I know the realities of non-blood-related friends and the transience of seemingly close relationships in this volatile demi-urban setting. It seems that people move in and out of one's lives with more and more frequency. There's not the permanence of community one used to rely upon. Not here.
So I am repeatedly feeling a great deal of regret for having ever moved to this state 12 years ago now, so far away from close family. (At least it is better than when we lived in Seattle.) And I think back to all the misfortune that has mounted for us since we moved here, and can only conclude that it it is a net loss.
I want to leave, get away, find some place closer to my brother's family and to my mother, at least within an easy day's drive. And were W ever to want to reconcile, which I know she's not, I'd put a relocation on the table as part of the deal.
Right now the only thing that keeps me here is my two sons. And that is everything to me. They're the family that matters most to me right now. So I must stay put. And unfortunately they're too young for me to rely on them for help.
I guess I am just going to have to continue the high-wire act without a net.
Pity parties are fine until they get too warm. (For some reason I always imagine my pity party in a pool.. sometimes a baby pool, if you get my drift!)
Here's another perspective:
She took the day off of work to help you out just in case . You needed help, she found a way to do it. Let go of the fact he was there to pick her up, and she needed the mortgage payment. She drove you home, met her obligation and was content to talk on the cellphone outside. Her choice. When sitting on a sidewalk is better than hospitality.. guess what.. she's gone.
Going out a few minutes later for the mail (and check on her) after a procedure where you're supposed to be sleeping is called.. pursuing. Of course she gave you that look. She has moved on and can't be anymore clear about it.
Also.. in regards to your children, "...unfortunately they're too young for me to rely on them for help." Drop that thought like a burning hot coal in your hand. You are the father, you are the parent. They are the children. YOU are their support system, never the other way around.
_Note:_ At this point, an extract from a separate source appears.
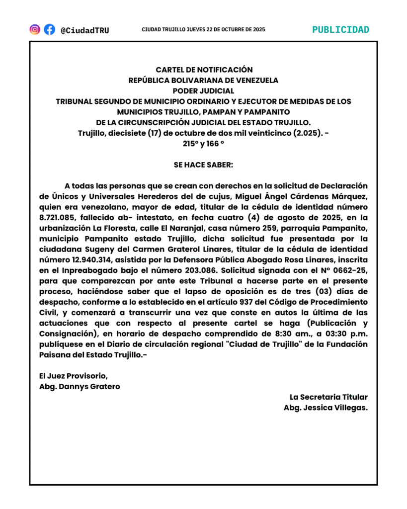 Miguel Ángel Cárdenas Márquez: Solicitud de Declaración de Únicos y Universales Herederos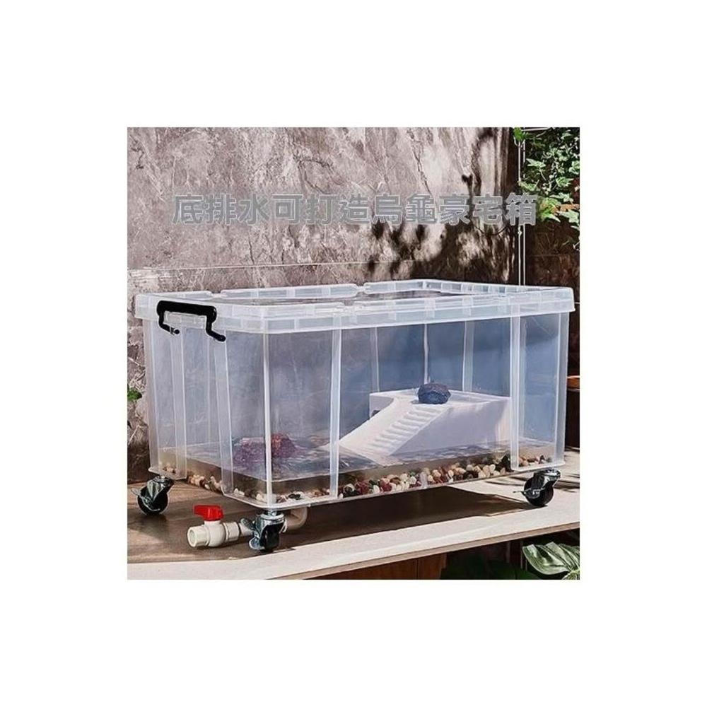 透明帶蓋烏龜缸 鱷龜飼養箱 草龜專用缸收納箱 可造景帶排水生態魚缸

Mr. Code.. You are an intelligent man deeply wounded. Your life is about her, how what she does hurts you. That way of thinking makes you a martyr, a victim. It's your choice how you continue.
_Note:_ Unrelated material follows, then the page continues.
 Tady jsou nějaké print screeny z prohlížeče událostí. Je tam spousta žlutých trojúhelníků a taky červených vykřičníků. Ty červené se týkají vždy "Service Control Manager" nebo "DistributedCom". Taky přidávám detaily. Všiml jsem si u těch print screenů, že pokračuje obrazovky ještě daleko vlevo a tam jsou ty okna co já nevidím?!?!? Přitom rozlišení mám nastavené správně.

I do the same with with the guy I married. Writing to you crystalizes my situation. He's moved out and on with her, out of my life, rarely sees the kids.
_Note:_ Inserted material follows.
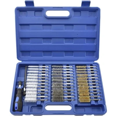 DRILL WIRE-BRUSH SET: Our set includes a variety of small wire brushes for cleaning rust, dirt, and corrosion from battery-terminal clamps, light sockets, and more. The 1/4-inch hex allows these brushes to be mounted on a power drill or die grinder. HEAVY-DUTY ERGONOMIC BRUSHES: The soft handle makes it easy to use our top-quality wire brushes without a power drill. These brushes provide a comfortable grip to help reduce hand fatigue, making them perfect for long cleaning sessions. LONG REACH BAR: This kit’s 6-inch quick-release handle makes an ideal extension piece to add to your reach. It’s perfect for accessing small, tight spaces or narrow gaps, so you can thoroughly clean even the most hard-to-reach parts. INCLUDED DRILL ACCESSORIES: Our set includes one 6-inch handle and 12 heads for each type of brush: stainless steel, brass, and nylon. The standard (SAE) brush sizes are from 5/16" to 3/4", and the metric (MM) brush sizes range from 8 mm to 19 mm. CONVENIENT STORAGE: Sturdy and precise, this 38-piece kit comes in a blow-molded plastic case for easy storage and travel. Ideal for automotive or electrical work, it’s a useful addition to home or professional tool collections., Weight: 3.64 pounds, Manufacturer: Ridgerock Tools Inc.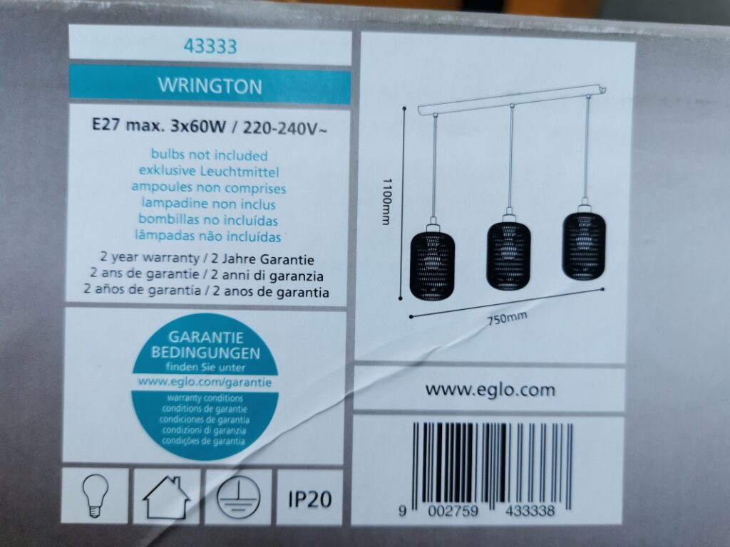 Die Pendelleuchte WRINGTON ist aus drei zylinderförmigen Metall-Lampenschirmen aus schwarzem Streckgitter gefertigt. Durch das Gitter der Leuchtenschirme entstehen faszinierende Licht- und Schattenspiele, sobald die Leuchte eingeschaltet ist. Die Hängelampe fügt sich nahtlos in den Vintage-Trend und in moderne Einrichtungen ein. Sie bietet eine besondere Beleuchtung für jeden Raum – egal ob in der Küche, im Wohnzimmer oder im Esszimmer beispielsweise über einem länglichen Esstisch. Die abgebildeten Filament-Leuchtmittel sind nicht im Lieferumfang enthalten. Geeignet ist die Leuchte für jedes Leuchtmittel mit E27-Sockel.

On the plus side, she helped you out.
On the negative side, you had expectations.
Net net, she cared. She did it for you.
Her actions show something. Let it be.
Spend time finding you, getting out of your head.
Time to get out and DO. Find interests, be social. Let the people around you get to know the No Code we adore.
*hugs*
Stop for a moment and consider about the house/home. If you feel you can, ask to talk about it. Perhaps she can afford to move because she won't be paying that much. Make sure that pride does not get in the way of finances.
If you're concerned about the house selling, agree on a drop dead price. The divorce process creates financial ruin if emotions run the show. Be aware of that.